Yargıtay Kararı 19. Ceza Dairesi 2019/1887 E. 2021/1150 K. 04.02.2021 T.

YARGITAY KARARI
DAİRE : 19. Ceza Dairesi
ESAS NO : 2019/1887
KARAR NO : 2021/1150
KARAR TARİHİ : 04.02.2021

MAHKEMESİ :Asliye Ceza Mahkemesi
SUÇ : 5607 Sayılı Kanuna Aykırılık
HÜKÜMLER : Mahkumiyet, Nakil Aracının İadesi

Yerel Mahkemece verilen hükümler temyiz edilmekle; başvurunun süresi, kararın niteliği ve suç tarihine göre dosya incelendi, gereği görüşülüp düşünüldü:
Temyiz isteğinin reddi nedenleri bulunmadığından işin esasına geçildi.
Vicdani kanının oluştuğu duruşma sürecini yansıtan tutanaklar, belgeler ve gerekçe içeriğine göre yapılan incelemede, Başkaca temyiz sebepleri yerinde görülmemiştir.
Ancak;
I-Katılan Vekilinin suçta kullanılan nakil aracının iadesine yönelik temyiz isteminin incelenmesinde;
Suçta kullanılan nakil aracının sanık …’ye ait olması, davaya konu kaçak eşyanın nakil vasıtasının taşıma yüküne göre hacim bakımından ağırlıklı bölümünü oluşturması ve dava konusu eşyanın değeri ve nakil vasıtasının değeri dikkate alındığında nakil aracının müsaderesinin işlenen suça nazaran daha ağır sonuçlar doğurmayacağı, bu nedenle TCK’nin 54/3. maddesi uyarınca hakkaniyete de aykırı olmadığı ve aracın suça tahsis edildiği gözetilerek, nakil aracının müsaderesi yerine yazılı karar verilmesi,
II-Sanıkların ve sanık … müdafiinin sanıklar hakkında kurulan mahkumiyet hükümlerine ve katılan vekilinin sanık … hakkında kurulan mahkumiyet hükmüne yönelik temyiz istemlerinin incelenmesinde;
1-Hükümden sonra 15.04.2020 tarihli Resmi Gazete’de yayımlanarak yürürlüğe giren 7242 sayılı Kanun’un 62. maddesi ile değiştirilen 5607 sayılı Kanun’un 5/2. maddesine eklenen fıkra uyarınca kovuşturma aşamasında etkin pişmanlık uygulamasının olanaklı hale geldiği anlaşılmakla, 5237 sayılı TCK’nin 7. maddesi ve 7242 sayılı Kanun’un 63. maddesi ile 5607 sayılı Kanun’a eklenen geçici 12. maddenin 2. fıkrası mucibince ilgili hükümlerin uygulanma koşullarının bulunup bulunmadığı araştırılarak sonucuna göre sanıkların hukuki durumunun yerel mahkemece yeniden değerlendirilmesi zorunluluğu,
2- Gümrük kaçakçılığı suçlarında korunan hukuki yarar; Devletin egemenlik hakkının bir kısmı olarak ortaya çıkan kendi milli sınırları dahilindeki her türlü eşya giriş ve çıkışını kontrol etme ve düzenleme yetkisidir.
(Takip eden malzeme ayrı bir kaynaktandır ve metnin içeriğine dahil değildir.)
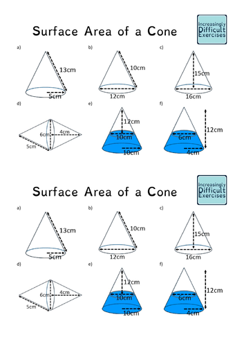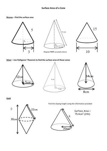 Increasingly Difficult Questions Surface Area Of A Cone Teaching Resources

Anılan fiiller ile devletin söz edilen egemenlik hakkının ihlali ile birlikte devletin vergilendirme hakkı ve mali yararlarını da ihlal ettiği kuşkusuzdur. Verginin ise devletin kamu hizmetlerini finanse etmek için toplumu oluşturan kişilerden zorunlu olarak alınan ekonomik değerler olduğu nazara alındığında gümrük kaçakçılığı suçlarının vergi kaybına sebep olması sonucu, kamu hizmetlerinin finansmanında güçlükler doğuracağı muhakkaktır. Bu itibarla, gümrük kaçakçılığı suçlarının mağdurunun da devletin yürüttüğü kamu hizmetlerinden yararlanan bireylerden oluşan toplum olduğu cihetle;
UYAP ortamında yapılan araştırmada,
Sanık … hakkında 23/12/2013 tarihinde işlediği aynı suç nedeniyle açılan kamu davası üzerine, Siirt 1. Asliye Ceza Mahkemesince 2020/256 (E) sayılı dosyada yargılamaya devam olunduğunun,
Ve sanık … hakkında 18/09/2013 tarihinde işlediği aynı suç nedeniyle açılan kamu davası üzerine Pınarbaşı (Kayseri) Asliye Ceza Mahkemesince 2013/234 (E) sayılı dosya ile 26/09/2013 tarihinde işlediği aynı suç nedeniyle açılan kamu davası üzerine, Kayseri 1. Asliye Ceza Mahkemesince 2014/759 (E) sayılı dosyalarda kurulan mahkumiyet hükümlerinin temyiz edilerek Yargıtay incelemesine tabi olduğunun anlaşılması karşısında;
Anılan davaların akıbeti araştırılıp mümkünse iş bu dava birleştirilerek, suç ve iddianame tarihleri dikkate alınıp hukuki kesintinin iddianamenin düzenlenmesiyle gerçekleşeceği gözetilmek sureti ile sanığın bir suç işleme kararının icrası kapsamında, değişik zamanlarda aynı mağdura karşı aynı suçu birden fazla işleyip işlemediğinin ve hakkında TCK’nin 43/1. maddesinin uygulanması gerekip gerekmediğinin tartışılması zorunluluğu,
3-Kasıtlı suçtan hapis cezasına mahkumiyetin kanuni sonucu olarak sanıklar hakkında 5237 sayılı TCK’nın 53. maddesi uyarınca hak yoksunluklarına hükmedilmiş ise de, 24/11/2015 tarih ve 29542 sayılı Resmi Gazete’de yayımlanan Anayasa Mahkemesinin 08/10/2015 tarih ve 2014/140 E., 2015/85 K. sayılı kararı ile anılan maddenin bazı hükümlerinin iptal edilmiş olması nedeniyle yeniden değerlendirme yapılması zorunluluğu,
Kanuna aykırı, sanıkların, sanık … müdafiinin ve katılan vekilinin temyiz nedenleri bu itibarla yerinde görüldüğünden HÜKÜMLERİN tebliğnameye kısmen uygun olarak, 5320 sayılı Kanun’un 8/1. maddesi gereğince uygulanması gereken 1412 sayılı CMUK’nin 321. maddesi uyarınca BOZULMASINA, bozmanın hükmü temyiz etmeyen sanık …’a CMUK’nin 325. maddesi gereğince sirayetine, yargılamanın bozma öncesi aşamadan başlayarak sürdürülüp sonuçlandırılmak üzere dosyanın mahkemesine gönderilmesine, 04/02/2021 tarihinde oy birliğiyle karar verildi.